Smale's Fundamental Theorem of Algebra reconsidered
For researchers in complexity theory and numerical analysis, this provides a polynomial average-case complexity result for a classic algorithm, extending previous work and suggesting potential for full polynomiality.
This paper revisits Smale's 1981 algorithm for solving polynomial equations via Newton's method, improving the average cost bound from infinite to polynomial in the Bézout number and input dimension, specifically for dimensions where the maximum degree is at least n^{1+ε}.

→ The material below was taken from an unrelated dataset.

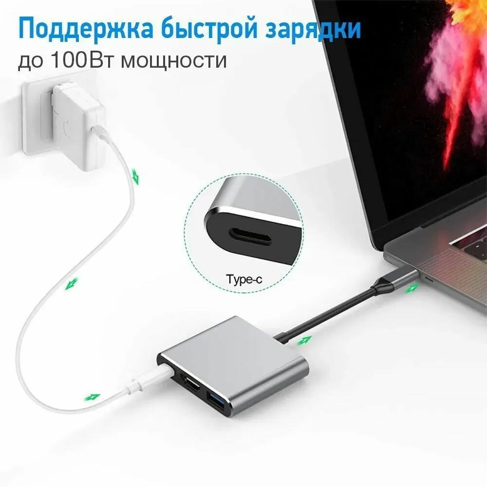 Универсальный адаптер переходник HUB USB 3.0 - HDMI - Type C, USB Type C, Мощность зарядки до 100W интересное:

In his 1981 Fundamental Theorem of Algebra paper Steve Smale initiated the complexity theory of finding a solution of polynomial equations of one complex variable by a variant of Newton's method. In this paper we reconsider his algorithm in the light of work done in the intervening years. Smale's upper bound estimate was infinite average cost. Our's is polynomial in the Bézout number and the dimension of the input. Hence polynomial for any range of dimensions where the Bézout number is polynomial in the input size. In particular not just for the case that Smale considered but for a range of dimensions as considered by Bürgisser-Cucker where the max of the degrees is greater than or equal to $n^{1+ε}$ for some fixed $ε$. It is possible that Smale's algorithm is polynomial cost in all dimensions and our main theorem raises some problems that might lead to a proof of such a theorem.